Achievements of nationalisation:
a)      Expansion of Bank branches: There has been a rapid increase of bank branches after nationalization. Till the end of March, 2014 number of bank branches increases to 97,010.
b)      Growth of deposit: After nationalization the deposit occupied by banks was increased due to various branches in Rural, Semi-urban and urban areas.
c)       Advances to priority sectors: Priority sector includes Agriculture, small business, small scale industry etc.

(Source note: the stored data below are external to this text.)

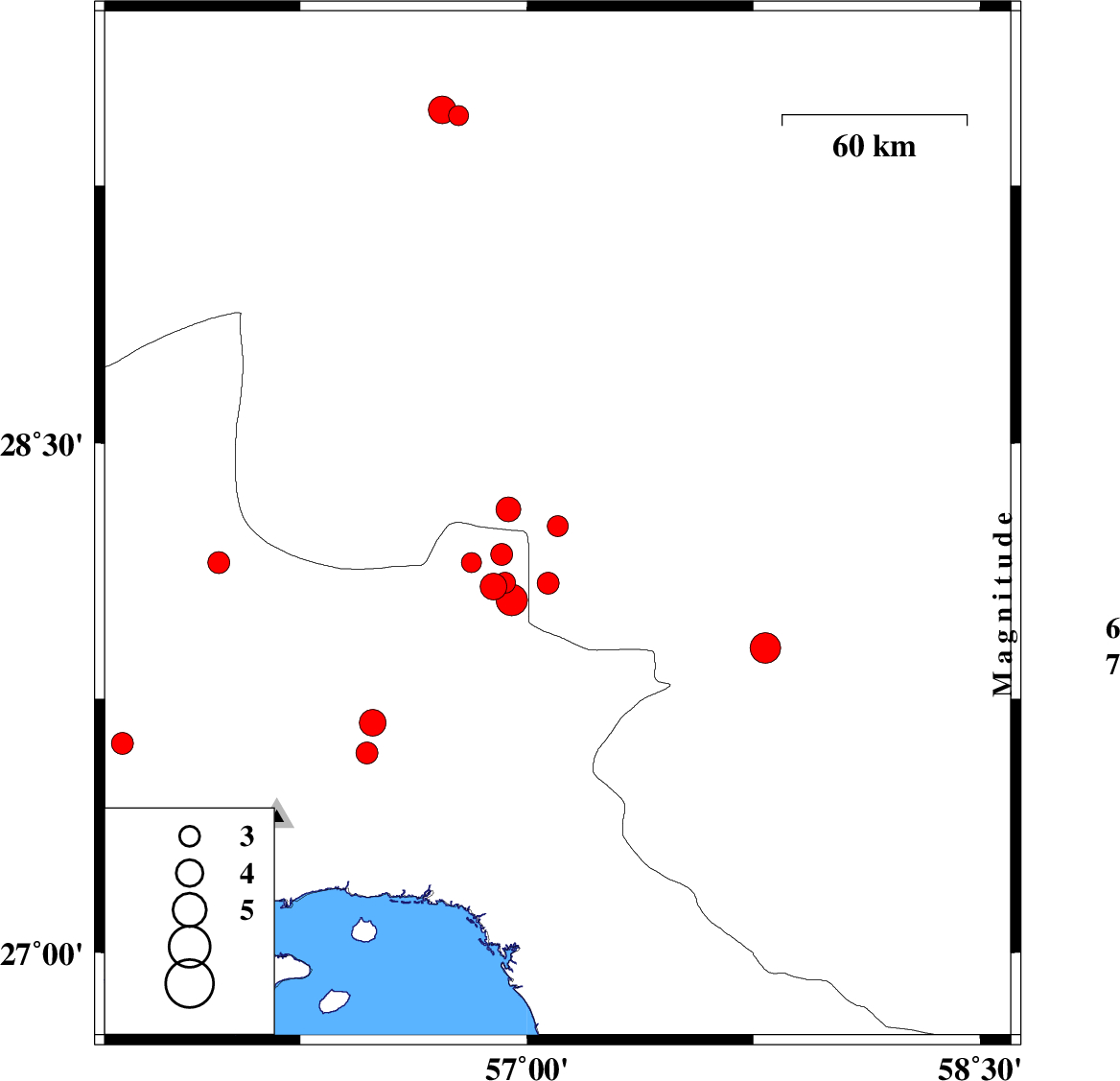 | 2020/08/21 | 14:57:10.8 | 19:27:10.8 | 28.09 | 57.07 | 10 | ML3.3 | Kerman Province, 63 km North-West of Kahnuj | ||
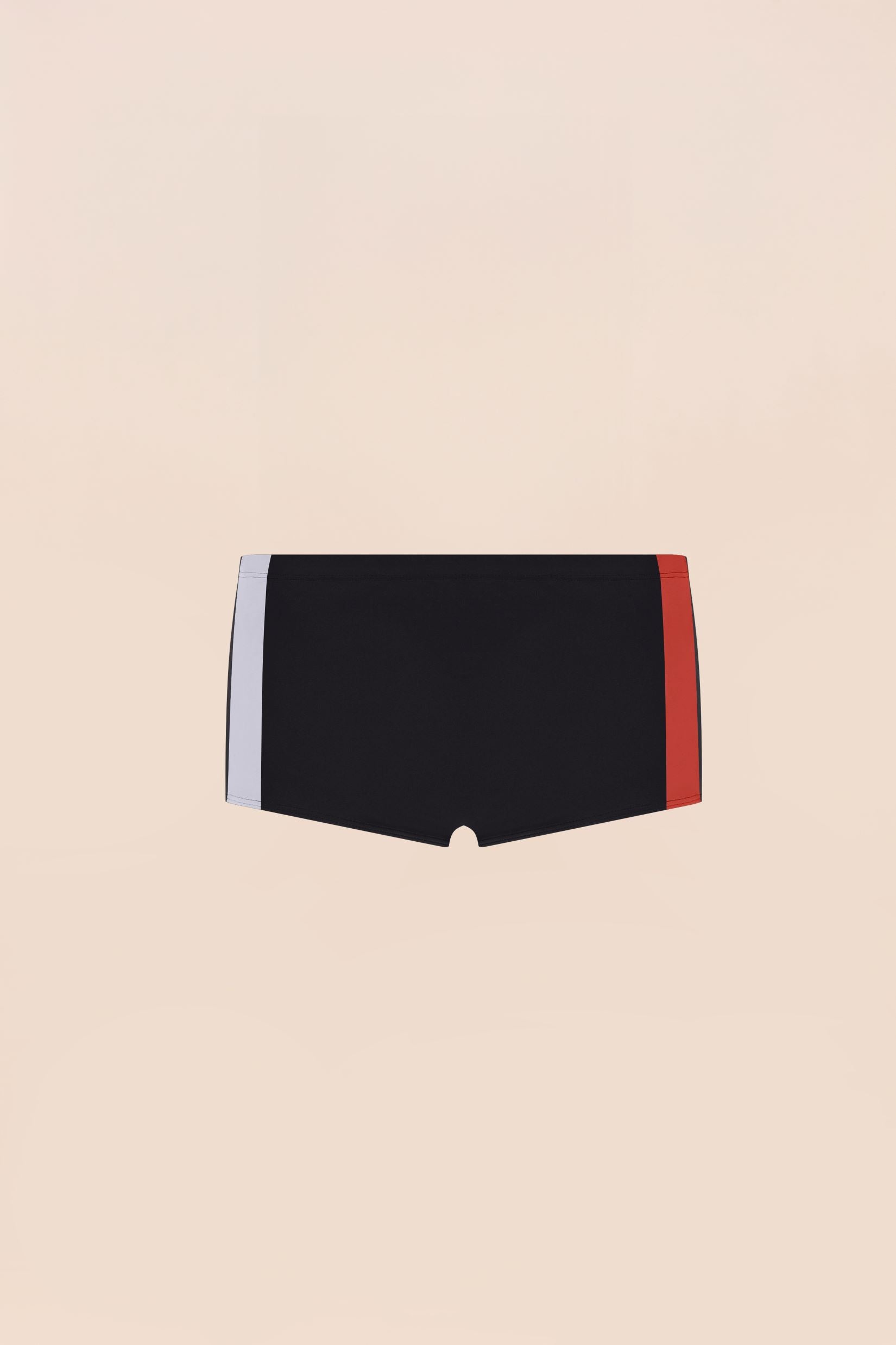 Plain swim trunks with colorful side cutouts and a drawstring waist for adjustment. This piece includes a lining for comfort and support.
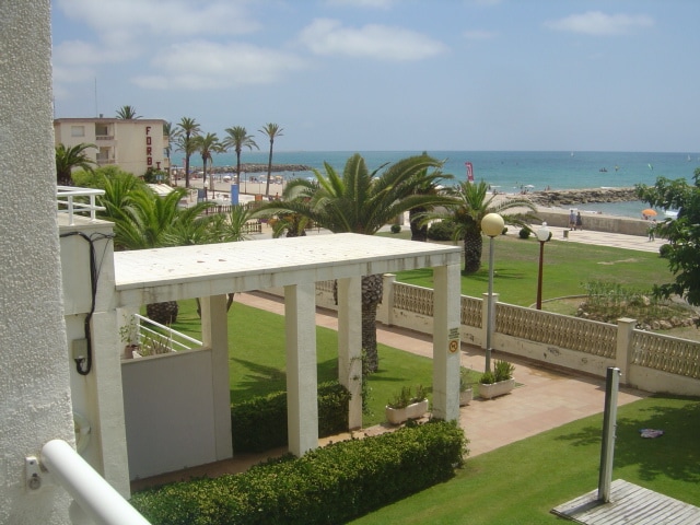 HUTB LEGAL - Apartamento en Sitges con increíbles vistas al mar, a 10 mts. de la playa. Salón-comedor, 2 hab. dobles, 1 baño completo con bañera y bidet. Cocina totalmente equipada. TV. 30 m2 de jardín priv. delante del mar. Patio de 15 m2 con plantas, que da luminosidad y vida. Piscina y a/ac. La habitación secundaria dispone de dos camas individuales. Puede ponerse bajo la otra, liberando espacio en la habitación. Cuna para bebé si es necesaria y tb mesa de trabajo y silla si imprescindible.
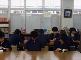 本校では朝読書に取り組んでいるなかで、今回の「図書館で朝読書」は年2回実施しています。充実した読書環境での読書習慣の定着を図り本への興味を持たせることを目的としています。朝の読書の時間には各自席に座り、読書に親しんでいました。
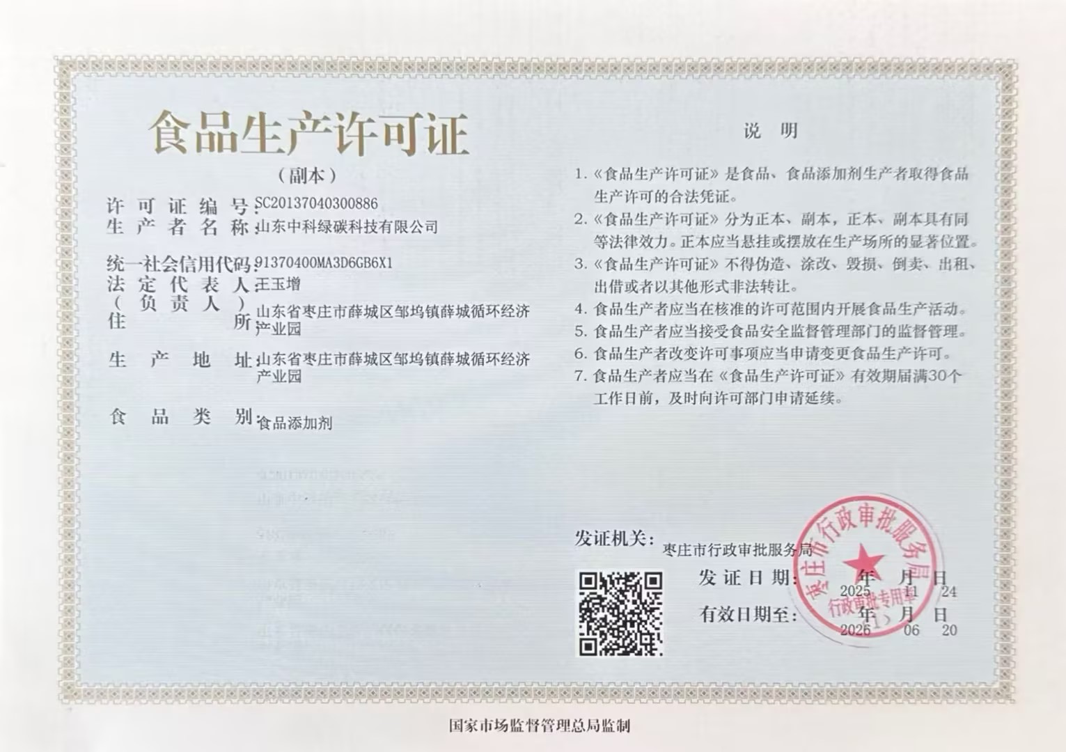 山東中科綠碳科技有限公司系上海中科綠碳化工科技有限公司全資子公司,由山東濰焦控股集團(tuán)有限公司、上海中科奧凱企業(yè)管理有限公司共同出資組建。公司設(shè)有院士工作站,并依托中國科學(xué)院上海有機(jī)化學(xué)研究所自主研發(fā)的專有技術(shù),專注于食品添加劑生產(chǎn)、綠色節(jié)能化學(xué)、化工新技術(shù)開發(fā)及化學(xué)工程項目工藝包研制,是國內(nèi)以食品級碳酸氫銨生產(chǎn)、中試放大、技術(shù)服務(wù)為核心業(yè)務(wù)的國家級高新技術(shù)企業(yè)。 公司注冊資金 9800 萬元,占地面積約77 畝,CO2資源化利用合成食品添加劑產(chǎn)能15萬噸/年(原廠址濰坊振興焦化有限公司),通過回收園區(qū)內(nèi)排放的CO2實現(xiàn)資源化利用,產(chǎn)品碳酸氫銨純度高、質(zhì)量優(yōu)良,每年可減少3000萬標(biāo)方溫室氣體排放(相當(dāng)于3萬輛家用轎車年CO2排放量),具有突出的社會效益與經(jīng)濟(jì)效益。

There has been greater emphasis on those sectors now.
d)      Correction of regional imbalances: After nationalization, steps have been taken to improve banking services in less developed states.
e)      Advance to Agriculture: The nationalized banks have given particular importance in providing credit to agriculturists.
d) Inflationary Gap:- An inflationary gap is a macroeconomic concept that describes the difference between the current level of real gross domestic product (GDP) and the anticipated GDP that would be experienced if an economy is at full employment. This is also referred to as the potential GDP. For the gap to be considered inflationary, the current real GDP Must be the higher of the two metrics. The inflationary gap exists when the demand for goods and services exceeds production due to factors such as higher levels of overall employment, increased trade activities or increased government expenditure. This can lead to the real GDP exceeding the potential GDP, resulting in an inflationary gap. The inflationary gap is so named because the relative increase in real GDP causes an economy to increase its consumption, which causes prices to rise in the long run. Due to the higher number of funds available within the economy, consumers are more inclined to purchase goods and services. As the demand for goods and services increases but production has not yet compensated for the shift, prices rise to restore market equilibrium. When the potential GDP is higher than the real GDP, the gap is referred to as a deflationary gap. According to macroeconomic theory, the goods market determines the level of real GDP, which is shown in the following relationship: Y = C + I G+ NX
Where:
Y = real GDP
C = consumption expenditure
I = investment
G = government expenditure
NX = net exports
An increase in consumption expenditure, investments, government expenditure or net exports causes real GDP to rise in the short run. Real GDP provides a measure of economic growth while compensating for the effects of inflation or deflation. This produces a result that accounts for the difference between actual economic growth and a simple shift in the prices of goods or services within the economy.